Exercise description -> Please write out exactly the line containing "The wheels were" below and every line after it, through the last one, but leave out any pictures.

Input data ->
────────────────

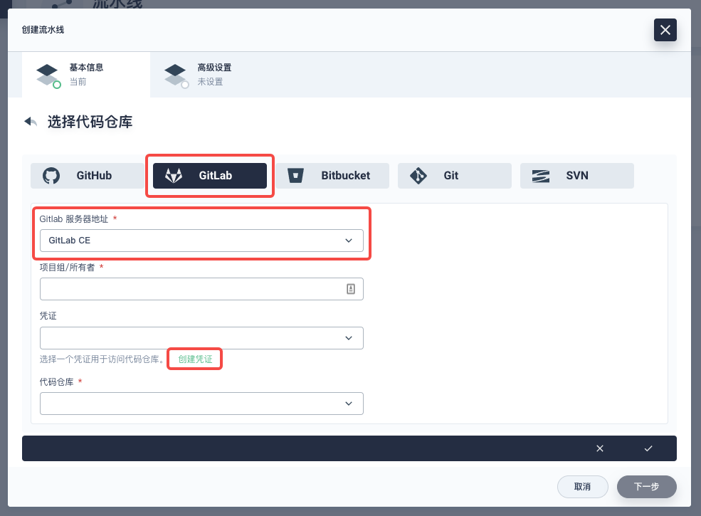 进入到「选择代码仓库」面板后,我们选择GitLab
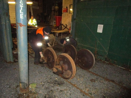 The wheels were then pushed outside the goods shed to allow the frame to be lowered down onto support blocks. Mail van 11 now consists of a kit of components which can be more readily restored. © Andrew Scarffe
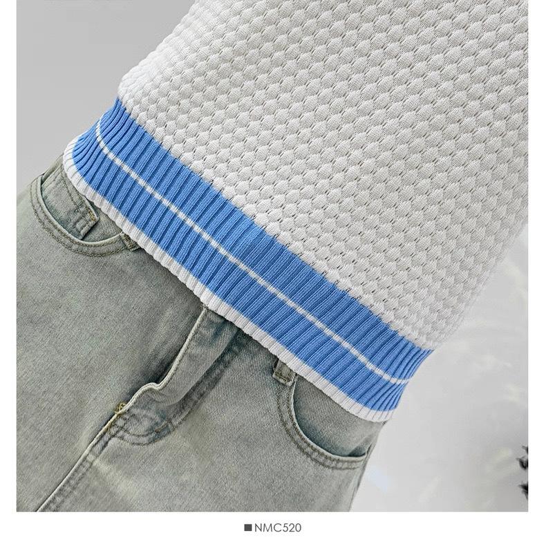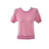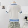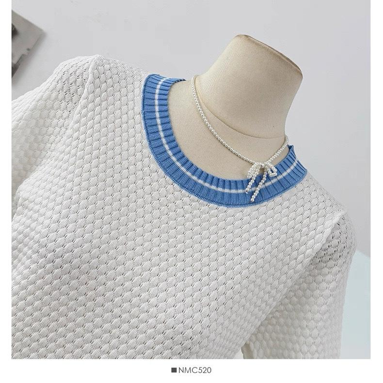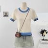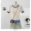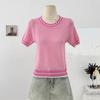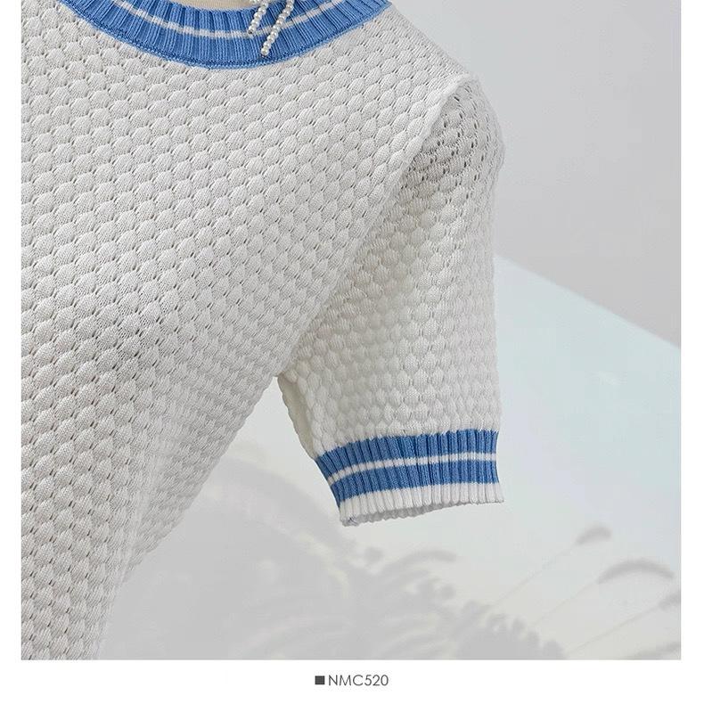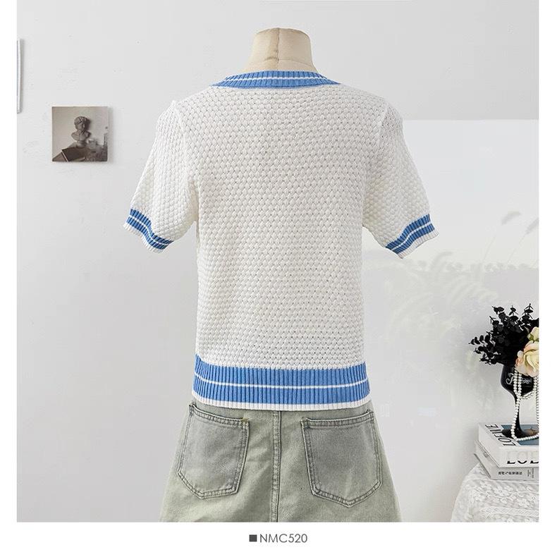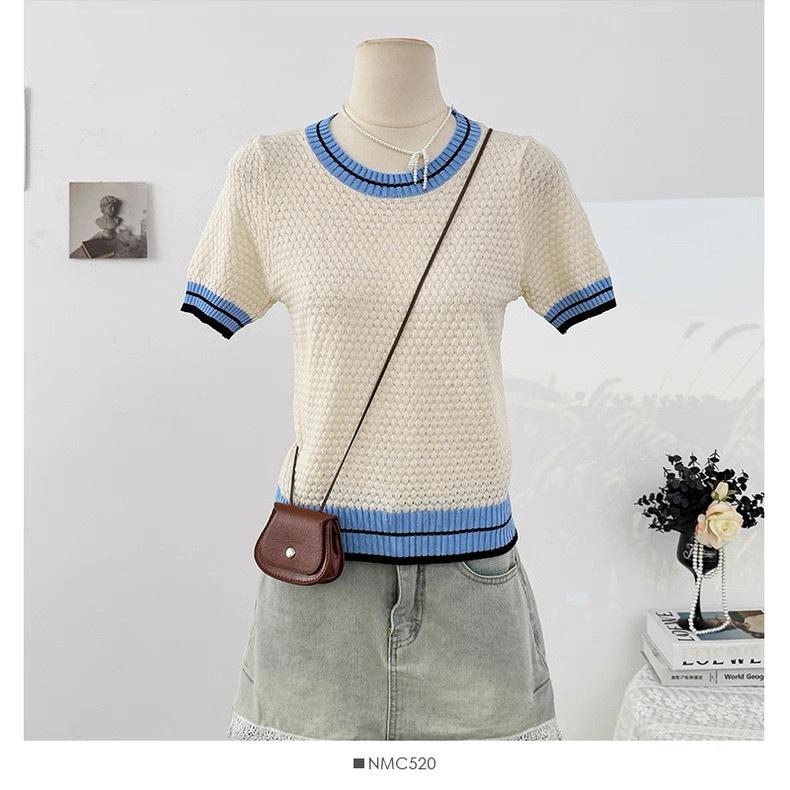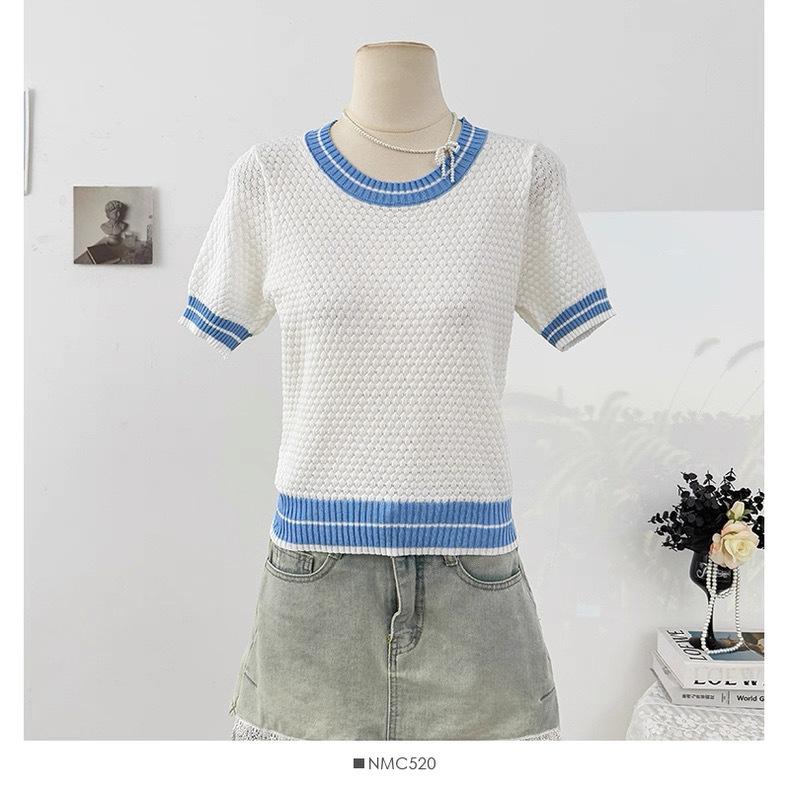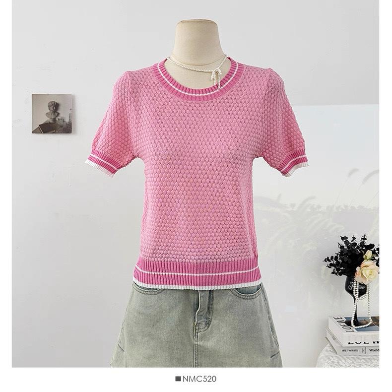 Top de Punto de Manga Corta con Cuello Redondo y Rayas de Bloque de Color Dulce y Fresco para Mujer, Verano, Delgado, Calado, Adelgazante

────────────────

Solution for this task ->
 The wheels were then pushed outside the goods shed to allow the frame to be lowered down onto support blocks. Mail van 11 now consists of a kit of components which can be more readily restored. © Andrew Scarffe
 Top de Punto de Manga Corta con Cuello Redondo y Rayas de Bloque de Color Dulce y Fresco para Mujer, Verano, Delgado, Calado, Adelgazante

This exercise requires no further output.